Daily ETF Watch: 2nd Carbon Fund Launches

December 09, 2014

(Editor's note: A previous version of this story erroneously said that "LOWC," a fund from SSgA, had an annual expense ratio of 30 basis points. After a fee waiver of 10 basis points, the fund's expense ratio is actually 20 basis points. A corrected version follows. We regret the error.)

iShares, the world’s largest ETF company, today launched a carbon-targeting fund that is based on the same index as a fund rolled out by State Street Global Advisors last month. Both funds have the same annual expense ratio after fee waivers that dropped the full price stipulated in each fund's prospectus.

The iShares MSCI ACWI Low Carbon Target ETF will trade with the symbol “CRBN” and comes with a net annual expense ratio of 20 basis points, or $20 for each $10,000 invested. SSgA’s SPDR MSCI ACWI Low Carbon Target ETF (LOWC) also has a net annual expense ratio of 20 basis points.

Both funds reflect business-development sensibilities among fund sponsors that are built on research suggesting climate change is linked to carbon emissions. Such gases contribute to the so-called greenhouse effect and rising temperatures.

While a tough row to hoe, scientists argue that the only way to slow the temperature rise is to cut carbon emissions. That's the idea behind the index and the funds: Companies with relatively low carbon profiles are likely to be rewarded over time in the form of rising valuations.

Both ETFs have their primary listings on NYSE Arca, and both built around the same index, the MSCI ACWI Low Carbon Target Index.
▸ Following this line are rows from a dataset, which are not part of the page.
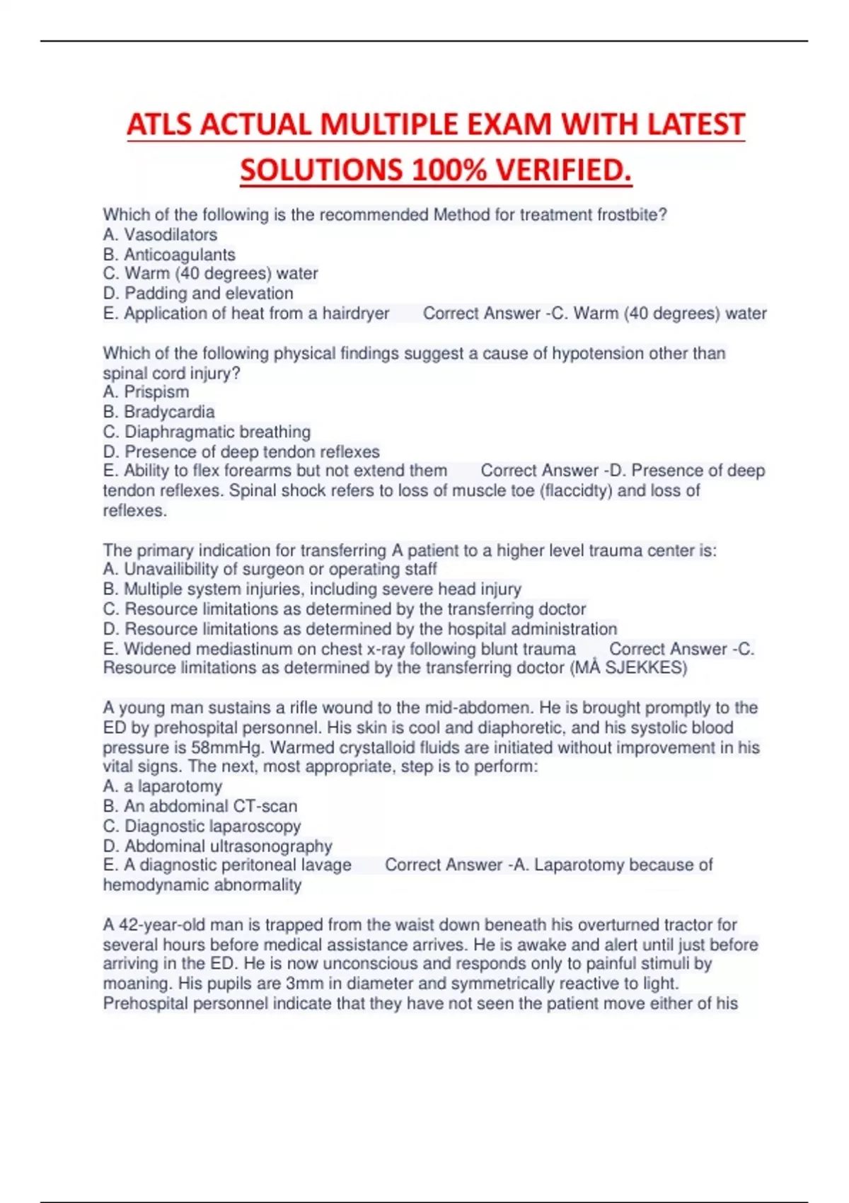 ATLS ACTUAL MULTIPLE EXAM WITH LATEST SOLUTIONS 100% VERIFIED.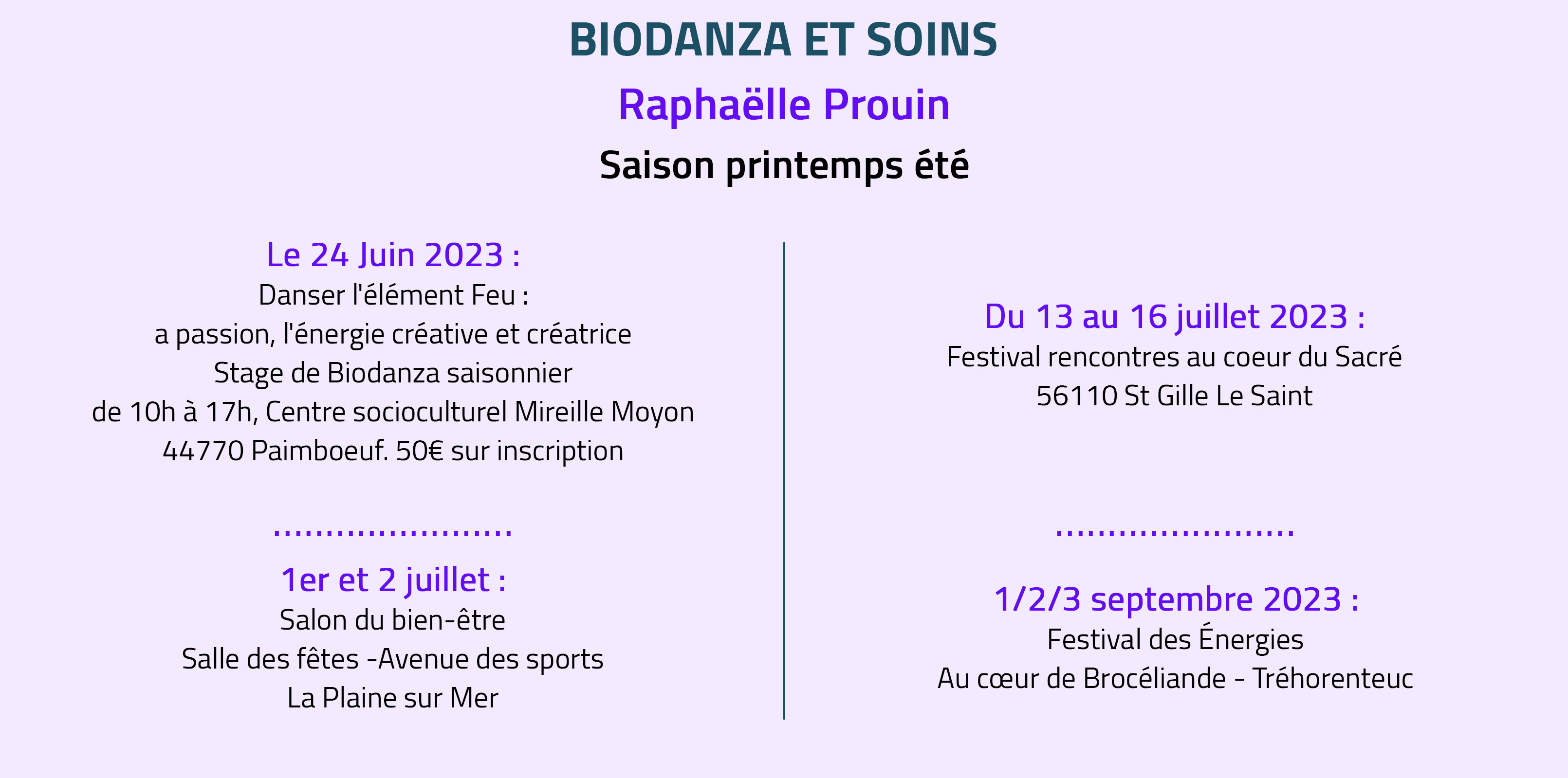 Je suis Raphaëlle, passionnée par la danse depuis mon enfance, j’anime aujourd’hui des ateliers de Biodanza, "la Danse de la Vie" : un appel à la joie, à s'épanouir dans le plaisir du mouvement dansé, sur des musiques du monde entier et dans la rencontre fraternelle.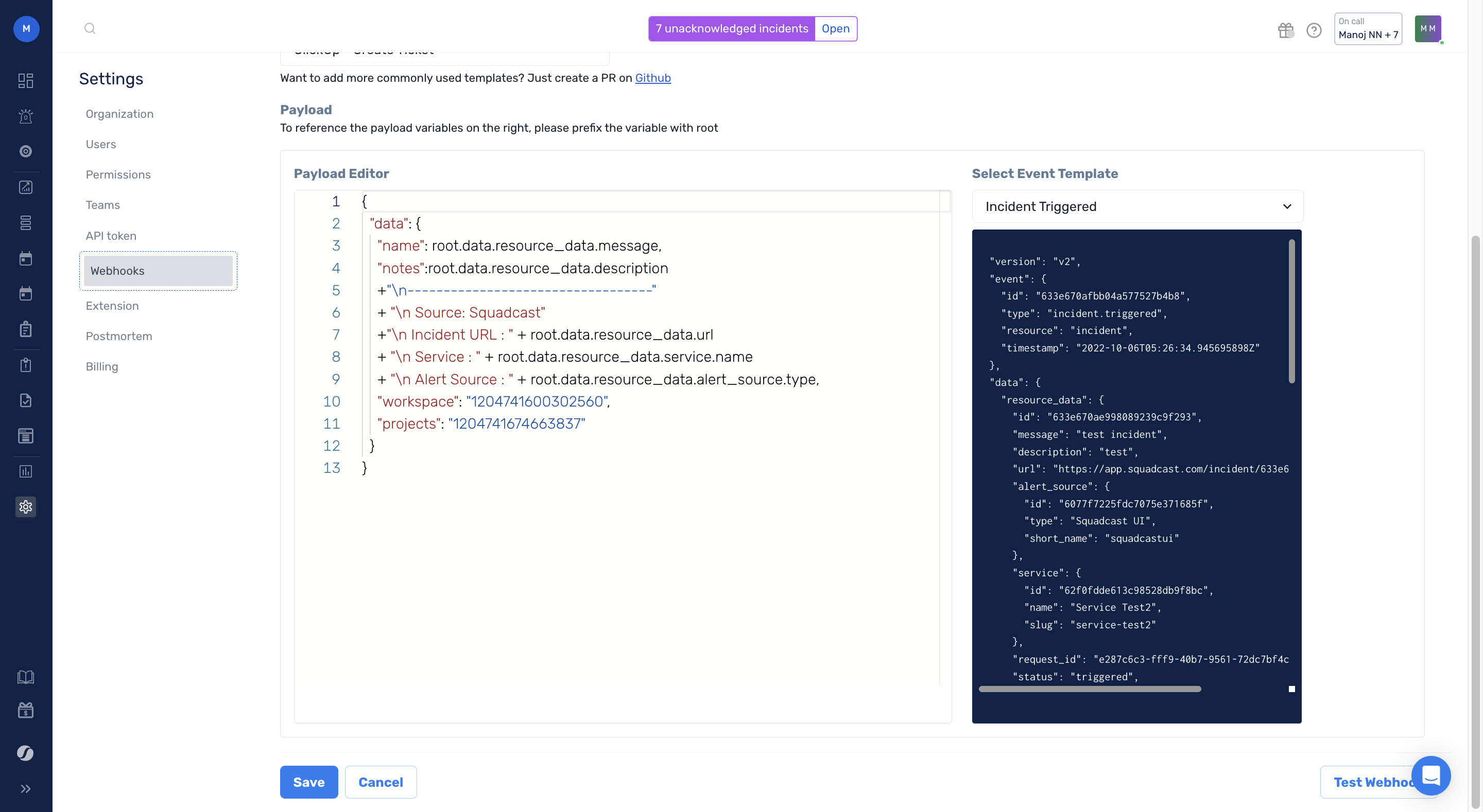 Click **Save** and your **Webhook** is created.
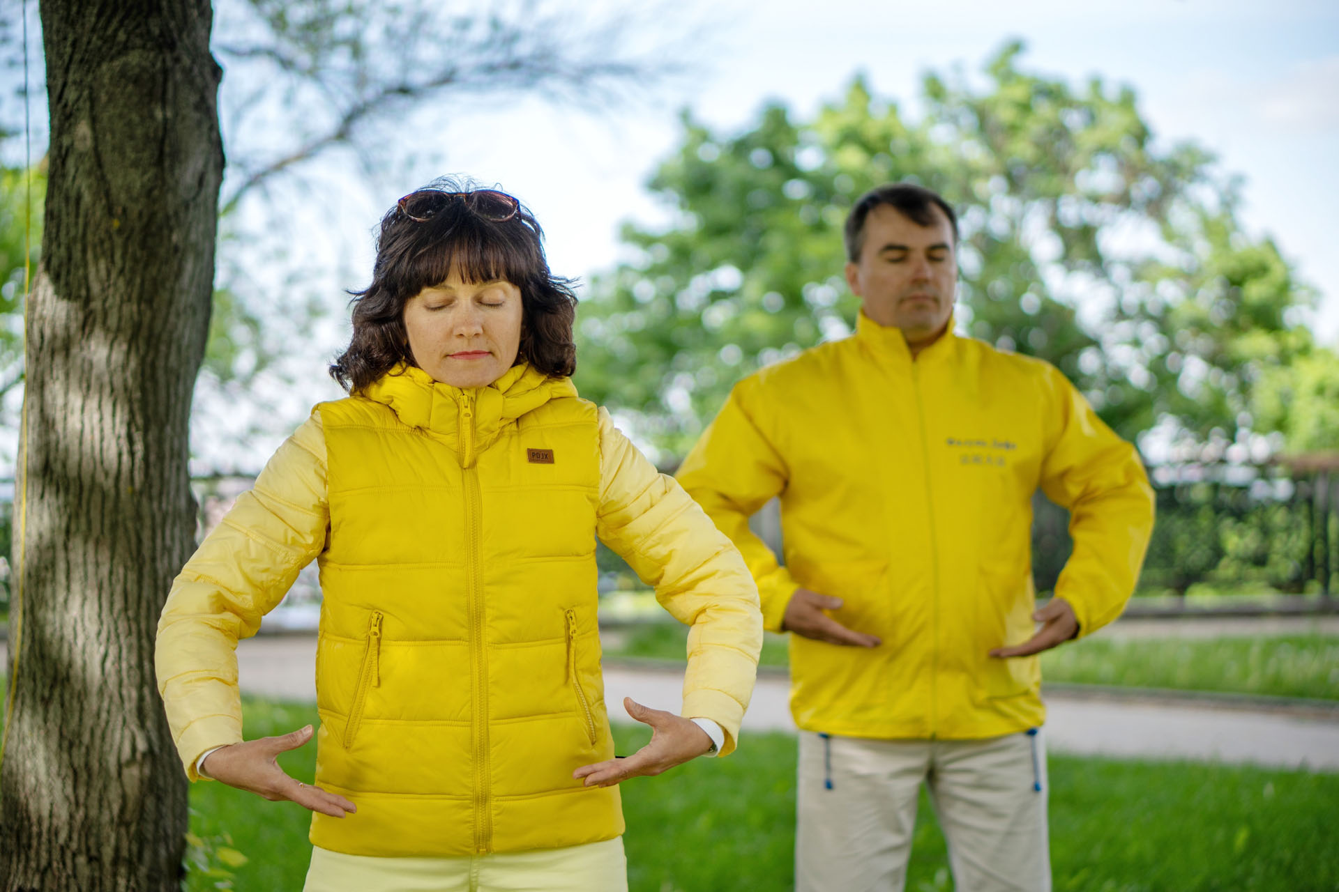 Denis i Karolina prakticiraju Falun Dafa skoro dvije decenije. Nakon što je izbio rat, otišli su vježbati u obližnjm skloništu za zračne napade. Ljudi u skloništu su ih podržavali i postepeno su svi govorili da žele da rade vježbe. Par misli da prakticiranje Falun Dafa može povećati pozitivnu energiju ljudi i da je korisno za zajednicu u cjelini.

State Street’s LOWC has net assets of slightly more than $22 million, according to information posted on the company’s website.

Under The Hood Of A Novel Index

The MSCI ACWI Low Carbon Target Index is designed to overweight companies that have low carbon emissions and is derived from the MSCI All Country World Index, which covers emerging and developed markets around the globe, according to the prospectuses of both funds.

Weightings are determined by each company’s “carbon exposure,” which is based on greenhouse gas emissions and potential fossil-fuel-generated greenhouse gas emissions.

The index is designed to maintain a tracking error within 30 basis points of the performance of the MSCI ACWI, and limits the weight of a company to no more than 20 times its weight in the MSCI ACWI.

Country and sector weights must be within 2 percent of their weights in the MSCI ACWI, but the energy sector is not subject to any limits, according to the prospectuses.

Again, the SSgA fund is the first-to-market in terms of carbon emissions weighting. Although there are a number of funds investing in companies involved in clean energy activities, there is not yet a fund that weights companies from every industry by their environmental effect.